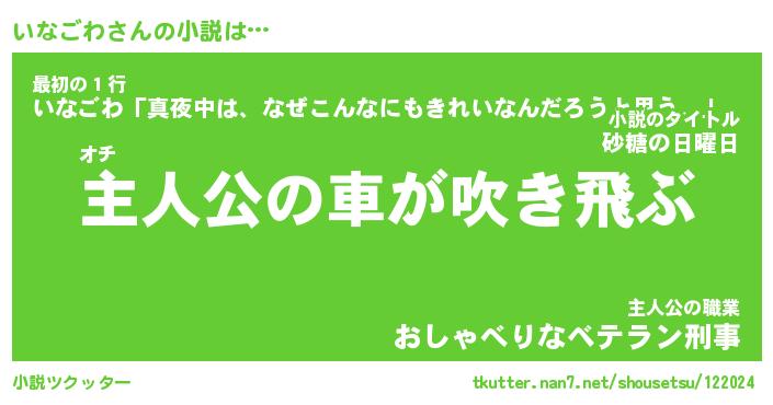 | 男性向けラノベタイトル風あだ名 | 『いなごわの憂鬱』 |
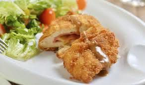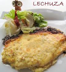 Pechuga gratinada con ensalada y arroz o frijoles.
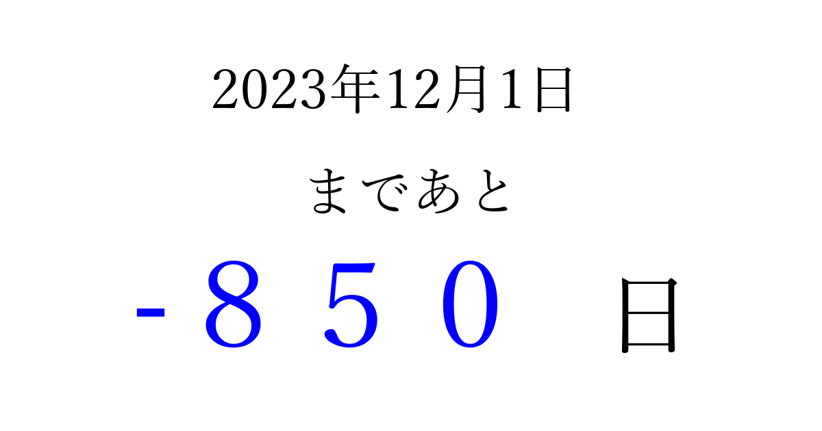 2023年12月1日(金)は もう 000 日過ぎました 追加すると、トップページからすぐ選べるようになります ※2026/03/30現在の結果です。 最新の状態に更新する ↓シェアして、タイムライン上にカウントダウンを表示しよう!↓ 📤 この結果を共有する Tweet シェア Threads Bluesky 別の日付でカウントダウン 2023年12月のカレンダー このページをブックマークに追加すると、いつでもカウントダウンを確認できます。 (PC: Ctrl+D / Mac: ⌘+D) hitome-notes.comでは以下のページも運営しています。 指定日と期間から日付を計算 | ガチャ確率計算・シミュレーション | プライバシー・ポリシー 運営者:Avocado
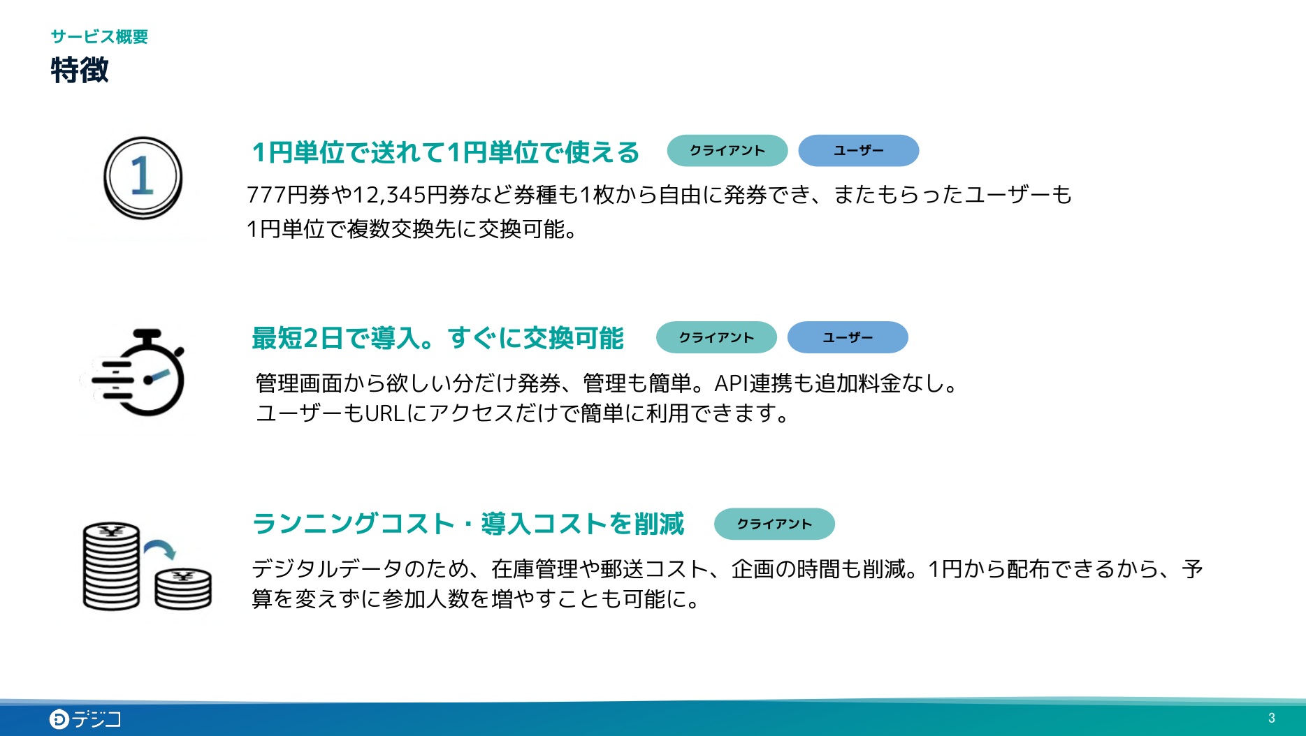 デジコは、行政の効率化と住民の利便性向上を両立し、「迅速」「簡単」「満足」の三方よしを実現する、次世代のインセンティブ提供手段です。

_ _ _ _ _

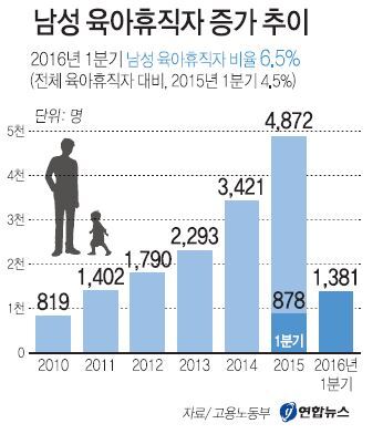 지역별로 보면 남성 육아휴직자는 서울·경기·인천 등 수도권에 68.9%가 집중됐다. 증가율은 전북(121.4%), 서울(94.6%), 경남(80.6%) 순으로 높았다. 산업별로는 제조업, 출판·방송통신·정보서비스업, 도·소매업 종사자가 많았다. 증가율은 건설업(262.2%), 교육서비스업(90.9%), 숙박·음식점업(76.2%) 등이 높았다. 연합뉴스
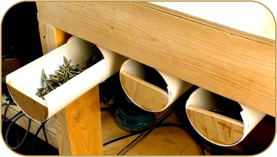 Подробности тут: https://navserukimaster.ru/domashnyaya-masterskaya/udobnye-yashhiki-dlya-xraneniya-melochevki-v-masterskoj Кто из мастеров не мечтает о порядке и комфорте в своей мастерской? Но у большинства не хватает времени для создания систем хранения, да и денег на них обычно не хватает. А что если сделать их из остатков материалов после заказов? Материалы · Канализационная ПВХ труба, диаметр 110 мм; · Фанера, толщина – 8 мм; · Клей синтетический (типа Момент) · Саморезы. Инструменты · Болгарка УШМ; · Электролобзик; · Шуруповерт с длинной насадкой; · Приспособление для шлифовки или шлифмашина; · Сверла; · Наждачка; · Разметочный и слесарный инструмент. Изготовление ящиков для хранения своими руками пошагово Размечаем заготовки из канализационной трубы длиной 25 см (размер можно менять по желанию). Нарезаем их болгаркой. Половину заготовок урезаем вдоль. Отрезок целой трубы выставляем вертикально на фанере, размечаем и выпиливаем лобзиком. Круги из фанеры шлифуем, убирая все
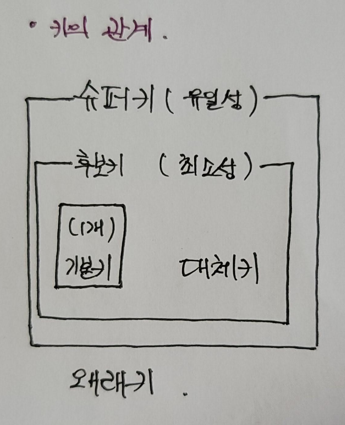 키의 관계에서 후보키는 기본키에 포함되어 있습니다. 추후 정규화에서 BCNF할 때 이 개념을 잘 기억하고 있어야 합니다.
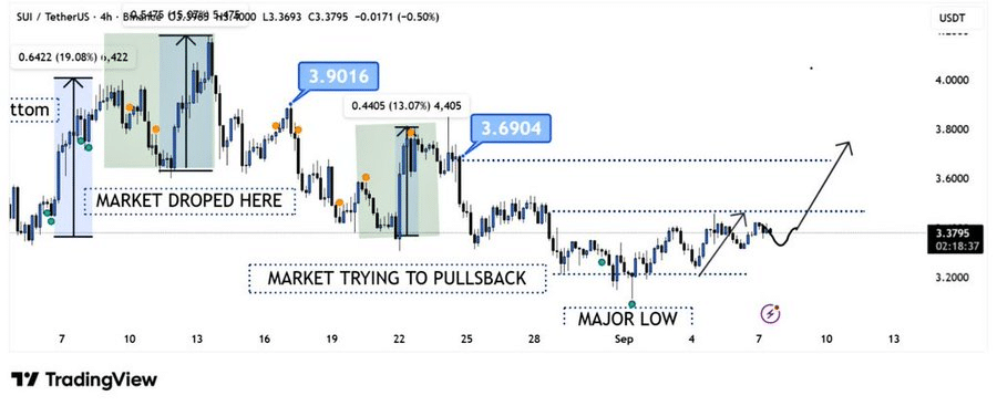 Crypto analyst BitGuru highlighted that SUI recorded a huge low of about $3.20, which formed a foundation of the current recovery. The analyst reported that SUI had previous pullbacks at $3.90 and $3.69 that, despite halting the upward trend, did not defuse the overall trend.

_ _ _ _ _

• _THE TASK_
Go back to the listing above and write out the lines starting at the one with "Pechuga gratinada con" and ending at the one with "デジコは、行政の効率化と住民", inclusive, exactly and without pictures.

• _RESULT_
 Pechuga gratinada con ensalada y arroz o frijoles.
 2023年12月1日(金)は もう 000 日過ぎました 追加すると、トップページからすぐ選べるようになります ※2026/03/30現在の結果です。 最新の状態に更新する ↓シェアして、タイムライン上にカウントダウンを表示しよう!↓ 📤 この結果を共有する Tweet シェア Threads Bluesky 別の日付でカウントダウン 2023年12月のカレンダー このページをブックマークに追加すると、いつでもカウントダウンを確認できます。 (PC: Ctrl+D / Mac: ⌘+D) hitome-notes.comでは以下のページも運営しています。 指定日と期間から日付を計算 | ガチャ確率計算・シミュレーション | プライバシー・ポリシー 運営者:Avocado
 デジコは、行政の効率化と住民の利便性向上を両立し、「迅速」「簡単」「満足」の三方よしを実現する、次世代のインセンティブ提供手段です。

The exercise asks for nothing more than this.